**What the task asks**: In the entries below, copy only the lines from the one that contains "日照 | 積雪 | 降雪 |" through the last line, exactly, and omit any pictures.

**Supplied records**:
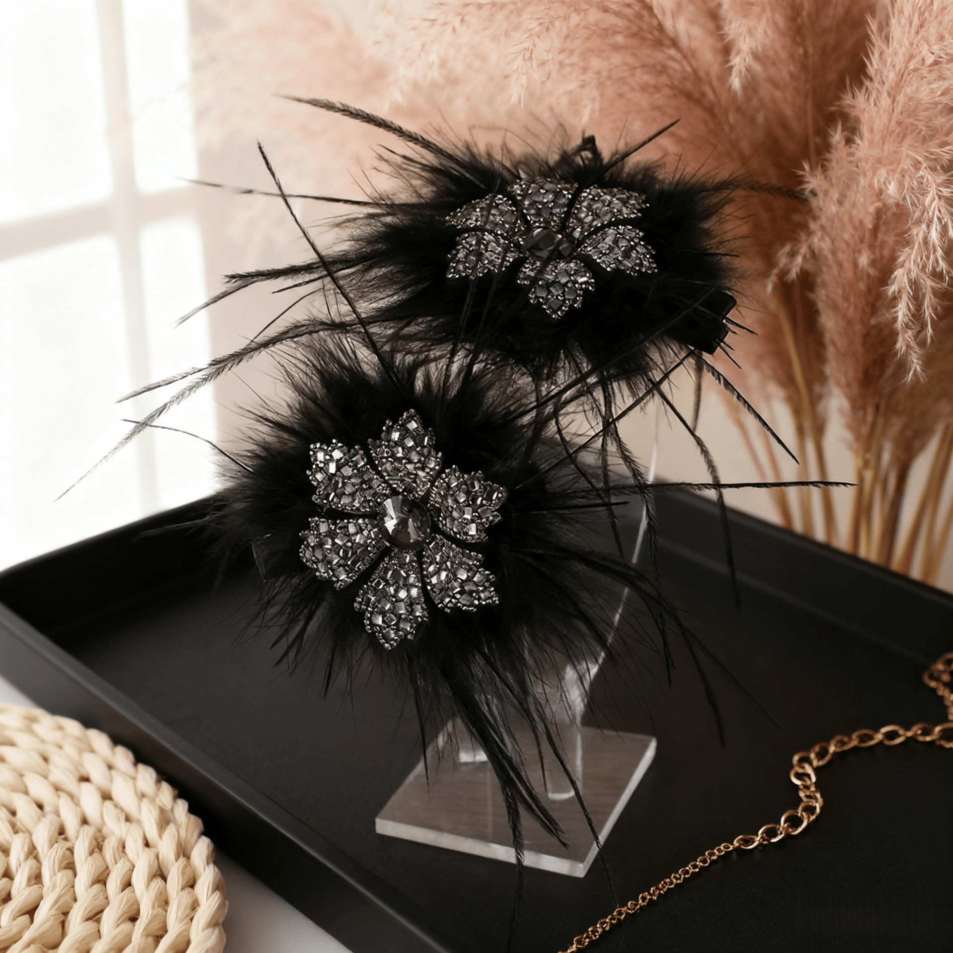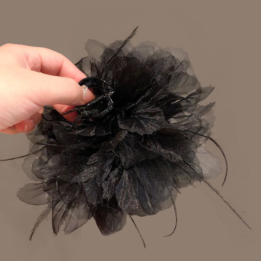 French super fairy feather clip large Internet celebrity same style hairpin female temperament back head shark clip high-grade headdress flower
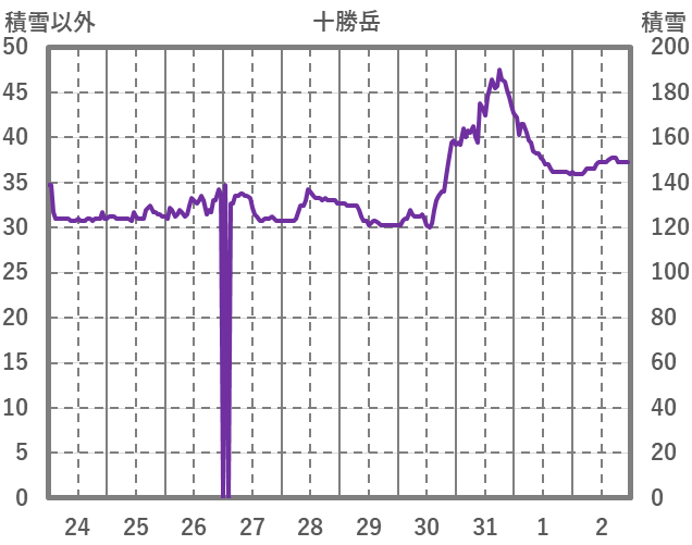 | 日 | 時 | 気温 | 降水 | 風向/風速 | 日照 | 積雪 | 降雪 |
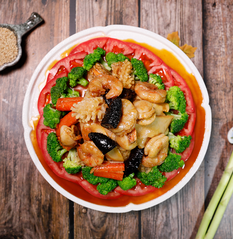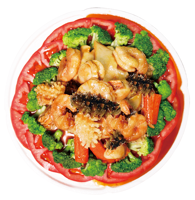 食材包:蝦仁、鮑螺、魷魚、蝦夷貝、海參、蟹足棒、西蘭花 湯汁包:飲用水、羥丙基二淀粉磷酸酯、蔥油﹑釀造醬油、蠔油、味精、雞粉調味料、釀造醬油(含焦糖色)、胡椒粉調味粉
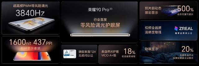 荣耀一直致力为用户提供顶级的护眼体验及前瞻性的屏幕技术创新。此次荣耀90系列创新带来“零风险调光护眼屏”,全球首发行业最高3840Hz超高频PWM调光,并获得TÜV莱茵无频闪认证,带领行业迈入屏幕频闪零风险调光时代。超高频的PWM调光还拥有优于DC调光低亮度显示效果不佳的优势,克服了低频PWM调光易导致视觉疲劳的问题,能够兼顾饱满色彩和护眼体验。根据IEEE Std1789-2015国际标准,当屏幕闪烁频率大于3125Hz时,频闪对人眼无风险。
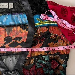 Chico's blouse with a bold floral pattern. Features black, red, and blue hues. Perfect for adding color to your outfit.
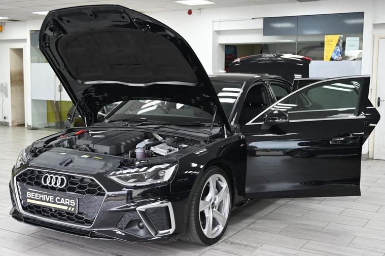 DRIVE AWAY TODAY OR FREE HOME DELIVERY ANYWHERE IN MAINLAND UK FINANCE & PART EXCHANGE ARRANGED ONLINE **7 DAY MONEY BACK GUARANTEE** Nice car Audi a4 tfsi 40 s-line quattro s-tronic in metallic black with service history EXTENDED AUDI WARRANTY UNTIL 30/12/2026 sat nav dab radio bluetooth media phone apps usb reverse camera half black s-line leather seats with leather armrest heated seats electric heated door mirrors front and rear parking aid sensors xenon lights s-line steering wheel with f1 style paddleshifts auto comfort efficiency individual dynamic driving modes push button start stop s-line bodystyling kit alloys privacy

**Completed task**:
 | 日 | 時 | 気温 | 降水 | 風向/風速 | 日照 | 積雪 | 降雪 |
 食材包:蝦仁、鮑螺、魷魚、蝦夷貝、海參、蟹足棒、西蘭花 湯汁包:飲用水、羥丙基二淀粉磷酸酯、蔥油﹑釀造醬油、蠔油、味精、雞粉調味料、釀造醬油(含焦糖色)、胡椒粉調味粉
 荣耀一直致力为用户提供顶级的护眼体验及前瞻性的屏幕技术创新。此次荣耀90系列创新带来“零风险调光护眼屏”,全球首发行业最高3840Hz超高频PWM调光,并获得TÜV莱茵无频闪认证,带领行业迈入屏幕频闪零风险调光时代。超高频的PWM调光还拥有优于DC调光低亮度显示效果不佳的优势,克服了低频PWM调光易导致视觉疲劳的问题,能够兼顾饱满色彩和护眼体验。根据IEEE Std1789-2015国际标准,当屏幕闪烁频率大于3125Hz时,频闪对人眼无风险。
 Chico's blouse with a bold floral pattern. Features black, red, and blue hues. Perfect for adding color to your outfit.
 DRIVE AWAY TODAY OR FREE HOME DELIVERY ANYWHERE IN MAINLAND UK FINANCE & PART EXCHANGE ARRANGED ONLINE **7 DAY MONEY BACK GUARANTEE** Nice car Audi a4 tfsi 40 s-line quattro s-tronic in metallic black with service history EXTENDED AUDI WARRANTY UNTIL 30/12/2026 sat nav dab radio bluetooth media phone apps usb reverse camera half black s-line leather seats with leather armrest heated seats electric heated door mirrors front and rear parking aid sensors xenon lights s-line steering wheel with f1 style paddleshifts auto comfort efficiency individual dynamic driving modes push button start stop s-line bodystyling kit alloys privacy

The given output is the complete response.